Entre la leyenda inca, el tonel francés y los poderes mágicos, la práctica de esta competencia que se volvió casi autóctona sigue siendo un divertimento que no conoce edad ni sexo; Eso sí, hay que saber hacer cuentas y tener cuidado en caso de arriesgar los billetes

El Sapo es un juego hermoso. Hay quienes le atribuyen su origen a una antigua leyenda Inca. En esta cultura los sapos eran venerados por sus poderes mágicos. En los días festivos se arrojaban piezas de oro en los lagos. Y si un sapo saltaba y comía la pieza, éste se convertía en oro y se le concedía un deseo al tirador. Era un juego de suspenso y destreza, en el que la danza y la alegría se mezclaban en un solo rito. Desde hace tres siglos se conoce en Francia, el juego llamado ‘Le Tonneau’ que no es otra cosa que tonel o barril. Luego el juego comenzaría a llamarse ‘Le jeu de la Grenouille’ (El juego de la rana). En el Perú y Colombia, los juegos carecen del elemento ‘La Vieja’, que fuera introducido con el correr del tiempo en la Argentina convirtiéndose en el objetivo más valioso del juego.

El sapo debe contar como mínimo con: una boca de Sapo, una Vieja o Buchacas y orificios para sumar puntos. El sapo se ubicará de manera que quede a una distancia mínima de un metro desde la pared hasta el frente posterior del mismo. Se marcará una línea a tres metros de distancia del frente del sapo, desde donde deberán lanzar los jugadores. Deberá haber una distancia mínima de dos metros libres de obstáculos hacia los laterales del sapo.
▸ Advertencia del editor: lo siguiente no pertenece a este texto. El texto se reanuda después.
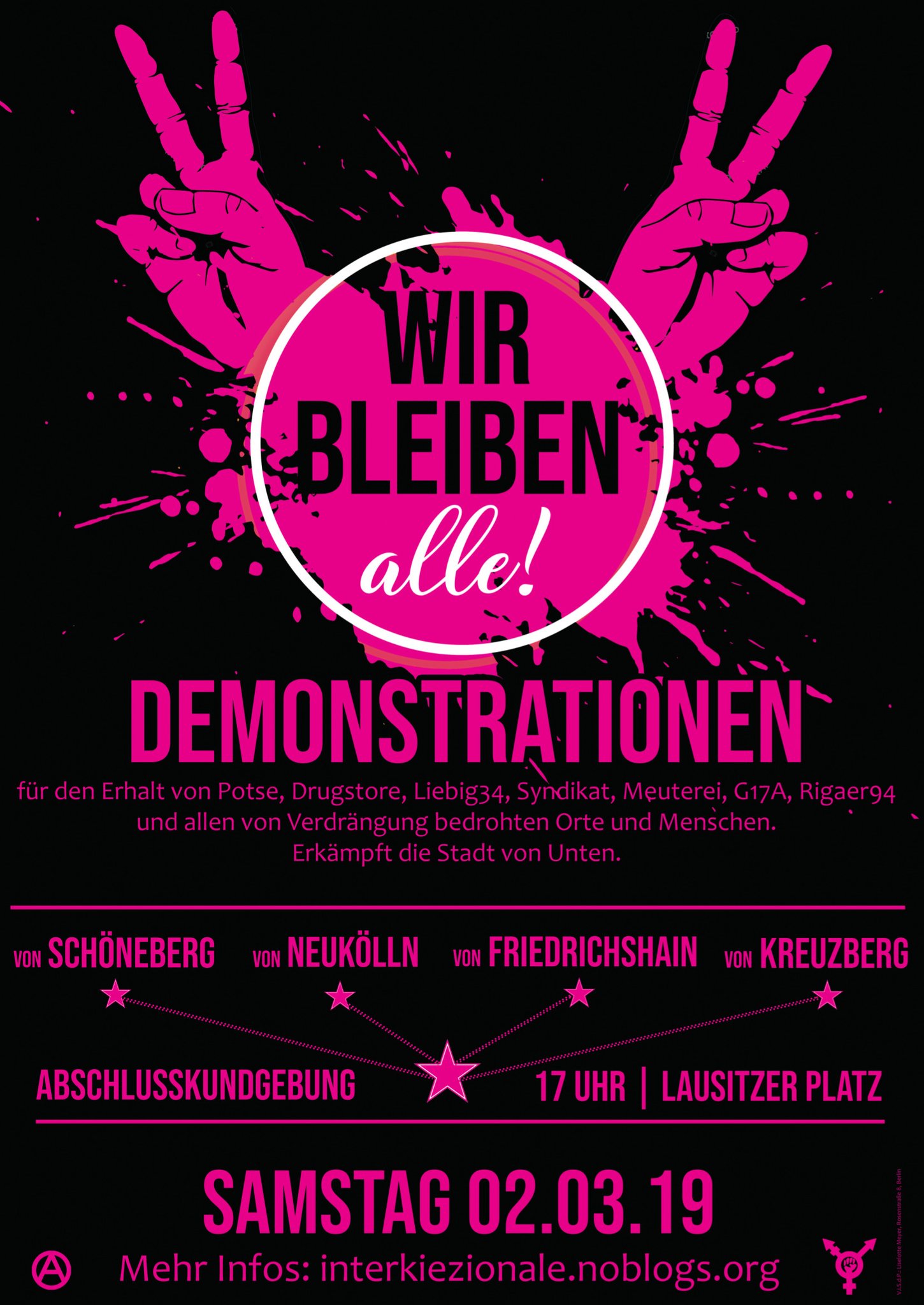 Am Samstag finden unter dem Motto “Hoch die interkiezionale Solidarität” in unterschiedlichen Bezirken Berlins Demos gegen Gentrifizierung, steigende Mieten und die erzwungene Schließung von Kiezkneipen statt. Die Demos treffen sich schlussendlich am Lausitzer Platz in Kreuzberg. Aus dem Aufruf: “Seit Jahresbeginn haben Liebig34, Syndikat & Potse keine Verträge mehr. Seitdem besetzen die Kollektive ihre Räume. Bald laufen auch der Vertrag der Meuterei & die Duldung der G17A aus. Zeigt euch solidarisch und kommt zur Interkiezionalen diesen Samstag! #WirBleibenAlle” –> Link
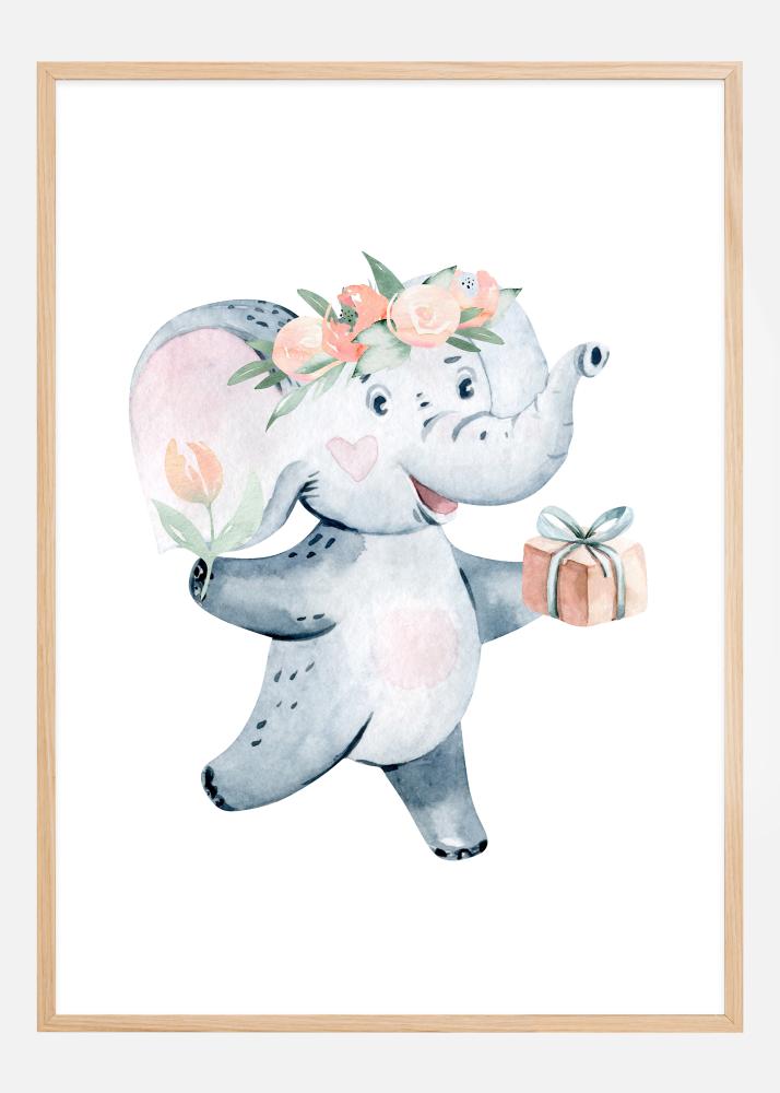 Popestrite vzdušje v katerem koli prostoru s to očarljivo sliko slončka, ki izraža veselje in nedolžnost. Prikazuje šarmantnega sivega slončka, ki lahkotno stopa, s cvetnim venčkom v roza in breskovih odtenkih na glavi. Njegov izraz je poln prijaznosti in sreče, v ta pa drži skrbno zavito darilo, kar prizoru dodaja dodaten pridih veselja in velikodušnosti.

Se juega en forma individual. Cada uno utilizará doce fichas por ronda y su turno de lanzamiento en la ronda lo dará el sorteo previo. El peso de las fichas de bronce es de 30 a 35 gramos, de 3 centímetros de diámetro y 0,5 de espesor. El jugador se ubicará para lanzar detrás de la línea de tres metros. Si ésta se pisa o sobrepasa con el pie, se anulará la jugada, perdiendo el derecho a esa ficha y al puntaje si se obtuvo. Una vez lanzada la ficha quedará absolutamente prohibido moverla de su sitio, excepto cuando esta cambie de cajón en su trayectoria o sea considerada nula por cualquier razón por lo cual el Juez la tomará y la arrojará al suelo. Las fichas que queden en la parte superior del cajón, se dejarán allí hasta finalizar los doce lanzamientos. Igual procedimiento se seguirá con las fichas que queden en el suelo. En una ronda se efectúan los doce lanzamientos por participante.

Las fichas que ingresen por delante, directamente a los cajones serán nulas y arrojadas al suelo por el Juez. Si una ficha ingresara y saliera por donde ingreso será nula. Si alguna ficha rebotase en la pared u objeto externo al Juego de Sapo y luego fuese acertada, será nula. Se contarán los puntos del orificio por el que ingreso la ficha aunque luego cambie de cajón o caiga al piso, quien la reubicará será el Juez. Si la ficha traspasara la boca del sapo y quedase tras ésta, se cuenta como Sapo (600 puntos). Si la ficha no traspasa totalmente el labio inferior de la boca (quedando apoyada en su mitad y su parte anterior hacia fuera), no se contará como Sapo. La ficha se dejará en esa posición hasta terminar con los doce lanzamientos. El Juez para recontar fichas se parará de costado al Juego del Sapo, retirará primero las fichas que fueron acertadas las parará en el borde de los cajones del puntaje correspondiente, hasta que se tome nota de las mismas y luego recogerá las fichas que no fueron acertadas. La Vieja da el puntaje mayor: 800.